Continued pandemic and additional shutdowns may impact performance. The Companys performance may be impacted by fluctuating commodity prices, technological changes, exchange rate fluctuations, and due to any impact in the general macro-economic outlook. Any geopolitical or economic upheavals at the local, regional or global levels may adversely impact demand or create input cost volatility that may impact performance. Your Company is exposed to risk of volatility in LIBOR rates that may increase our interest costs and impact performance. Debtors collection period can increase on account of the stressed financial condition of customers.

Internal Control Systems (ICS) and Their Adequacy

The Company has established adequate ICS in respect of all the divisions of the Company. The ICS aims to promote operational efficiencies and achieve savings in cost and overheads in all business operations. System Application and Product (SAP), a world-class business process integration software solution, which was implemented by the Company at all business units, has been operating successfully. The Company has appointed M/s. Deloitte Touche Tohmatsu India LLP as its Internal Auditors. The system-cum-internal audit reports of the Internal Auditors were discussed at the Audit Committee meetings and appropriate corrective steps have been taken.

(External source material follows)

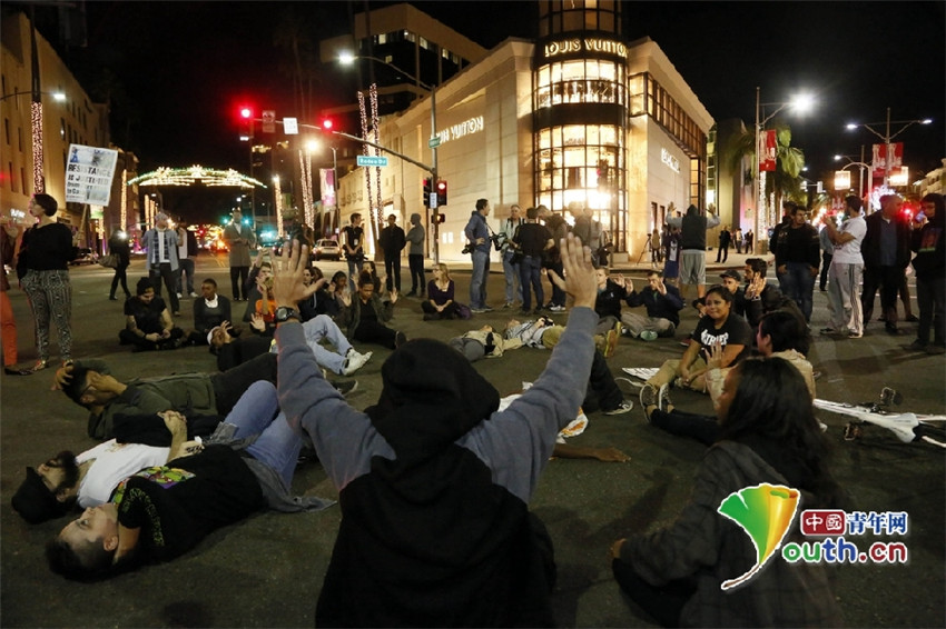 | In Beverly Hills (Los Angeles) legen sich die Demonstranten auf die Stra?e, um ihre Wut über den Entscheid der Grand Jury zu zeigen. |

Further, all business segments prepare their annual budgets, which are reviewed along with performance at regular intervals.

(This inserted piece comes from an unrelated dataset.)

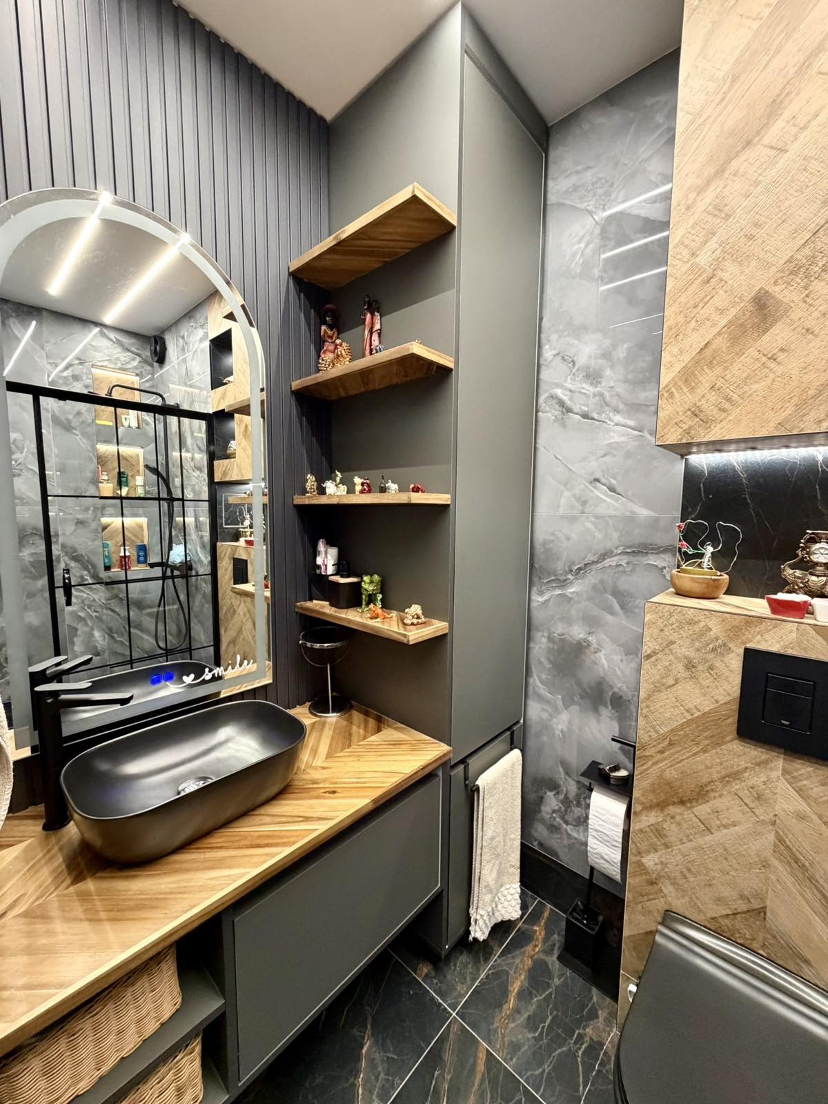 Баня с тоалетна, изпълнена до последния детайл GROHE, масивен плот

Development of human resources

The Company promotes an open and transparent working environment to enhance teamwork and build business focus. The Company gives equal importance to development of human resources (HR). It updates its HR policy in line with the changing HR culture in the industry as a whole. In order to foster excellence and reward those employees who perform well, the Company has performance/production- linked incentive schemes and introduced the Employees Stock Option Scheme. The Company also takes adequate steps for in-house training of employees and maintaining a safe and healthy environment.

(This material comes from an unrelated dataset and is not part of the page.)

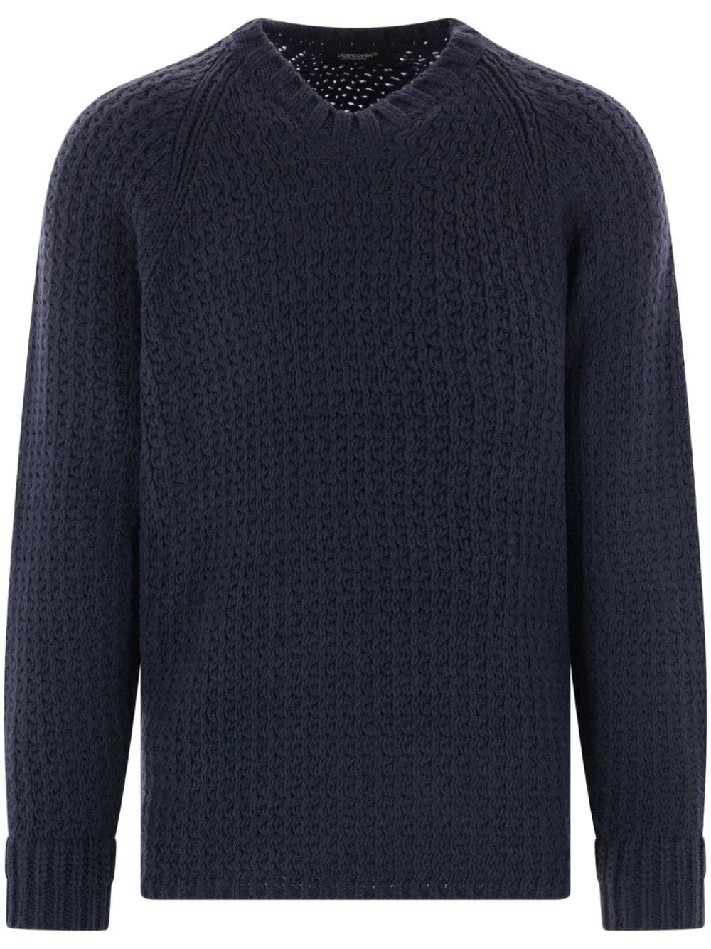 round-neck long-sleeved sweater Highlights - Navy blue - Wool blend - Knitted construction - Round neck - Long raglan sleeves - Ribbed cuffs - Straight hem Imported Composition Wool 70%, Nylon 30%

Key Financial Ratios with details of significant changes

The Company has identified the following as key financial ratios:

Consolidated Ratios FY21 FY20 % Change
EBITDA Margin 6.9% 6.5% 5.1%
PAT Margin 2.5% 1.8% 38.0%
ROE 12.5% 11.4% 9.2%
Debtor Turnover 108 99 8.4%
Inventory Turnover 98 75 30.5%
Current Ratio 1.22 1.13 7.3%
Debt/Equity Ratio 0.17 0.19 -10.0%
Interest Coverage Ratio 2.5 1.7 45.1%
Net Fixed Asset Turnover 6.9 8.5 -18.4%

During the year, the Company strictly focused on working capital management, as domestic revenues were impacted by COVID-19-related issues. The reduction in interest rates and strict focus on working capital management were the main drivers behind the 42% YoY decrease in interest costs that reflected in improved Interest Coverage Ratio and PAT margin. PAT margin was also helped by 31 bps improvement in EBITDA margin, driven by improved Oils profitability and focus on per-order metrics. Towards the end of the year, the second wave of COVID-19 had started resulting in local-level lockdowns and travel restrictions at places, resulting in transient higher inventory as customers clearances to inspect and dispatch finished goods got delayed.

Cautionary statement:

The statements made in the Management Discussion & Analysis section, describing the Companys goals, expectations and predictions, among others, do contain some forward-looking views of the management. The actual performance of the Company is dependent on several external factors, many of which are beyond the control of the management, viz. growth of Indian economy, continuation of industrial reforms, fluctuations in value of Rupee in the foreign exchange market, volatility in commodity prices, applicable laws/regulations, tax structure, domestic/international industry scenario, movement in international prices of raw materials and economic developments within the country, among others.